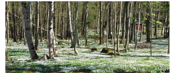
Vitsippor / Buschwindröschen, Malshult (9)

Start und Ziel der Tour ist der Bahnhof in Osby. Ihr Verlauf ist nicht markiert, und falls die Papierkarte zur Orientierung nicht ausreicht, kann man sich die App Bikemap von bikemap.net herunterladen. Nach dem Download der Tour können Sie sich auch ohne Internetverbindung per GPS orientieren.
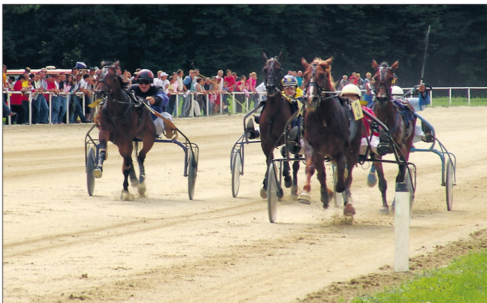
V okviru programa je tudi promocija ljutomerskega kasača – blagovne znamke Prlekije.
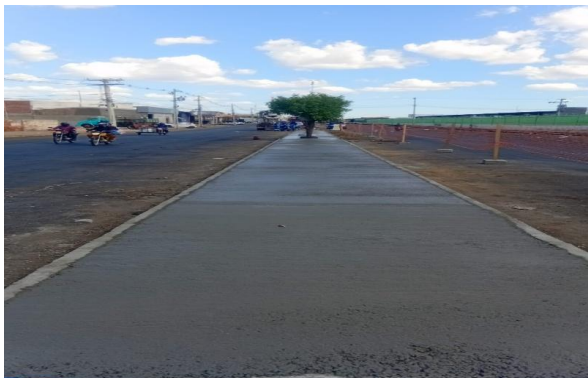
CEASA - CONCRETO USINADO
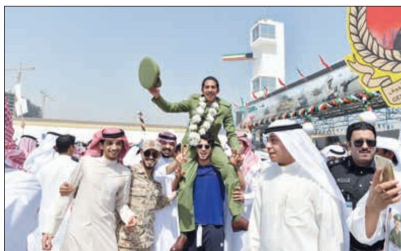
خريج فوق الأعتاق
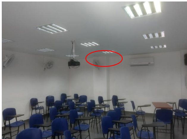
Ilustración 3. Aulas vacías con lámparas, ventiladores y aire acondicionado encendidos.
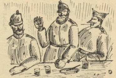
... .är heig am meischte Erfahrig u sy am längste drby gsi.

ere Brügg stah u luege, daß se d'Finde nid ussprängi. Du isch's aber e so gottsjämmerlig cho rägne, un i ha dakt: Nei!
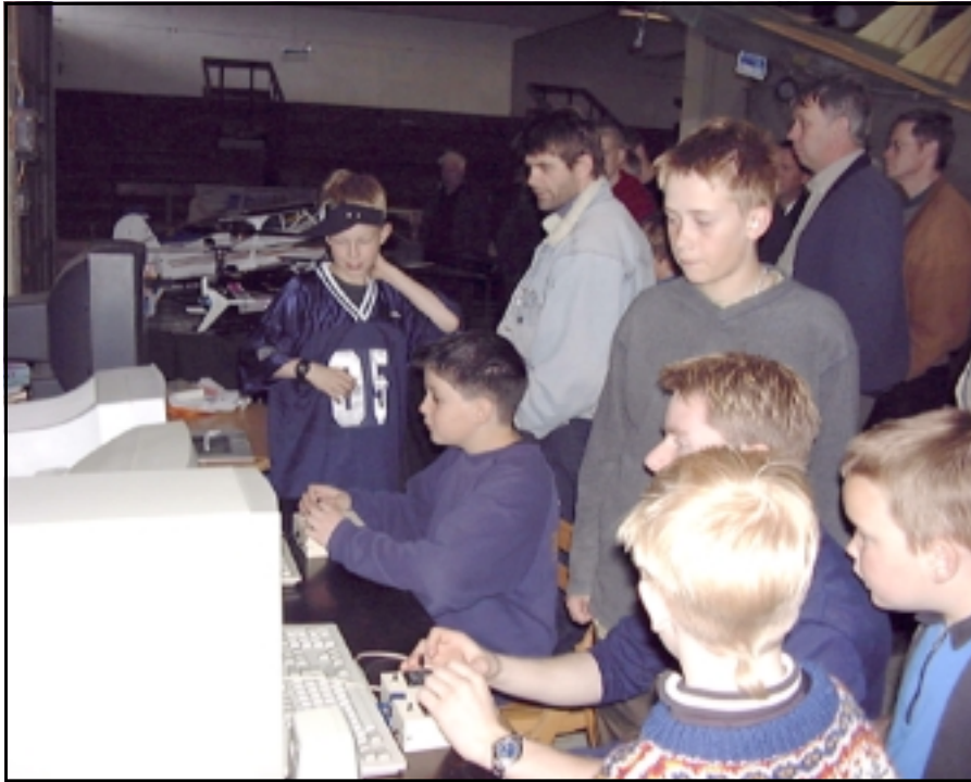
Vinsælasti staðurinn á flugmódeleysýningunni var að sjálfsögðu við flughermana.

Flugmódelefélagið Þyur, Flugmódelefélag Suðurnesja og Flugmódelefélag Akureyrar tóku ákvörðun um að standa sameiginlega að flugmódeleysýningu á árinu 1999. Þar átti að vera með ný módel, módel í smíðum og notuð módel af öllum gerðum og stærðum. Einnig að hafa smíðaherbergi þar sem unnið væri að smíði flugmódele, flugherma þar sem hægt væri að prófa að fljúga flugmódeli, lifandi myndasýningar frá módeleflugi vítt

■ ■ ■ ■ ■ ■ ■

Copy out nothing but the lines from the beginning of the records through the one that contains "längste drby gsi.". Skip the pictures.

Problem solution:
Vitsippor / Buschwindröschen, Malshult (9)

Start und Ziel der Tour ist der Bahnhof in Osby. Ihr Verlauf ist nicht markiert, und falls die Papierkarte zur Orientierung nicht ausreicht, kann man sich die App Bikemap von bikemap.net herunterladen. Nach dem Download der Tour können Sie sich auch ohne Internetverbindung per GPS orientieren.
V okviru programa je tudi promocija ljutomerskega kasača – blagovne znamke Prlekije.
CEASA - CONCRETO USINADO
خريج فوق الأعتاق
Ilustración 3. Aulas vacías con lámparas, ventiladores y aire acondicionado encendidos.
... .är heig am meischte Erfahrig u sy am längste drby gsi.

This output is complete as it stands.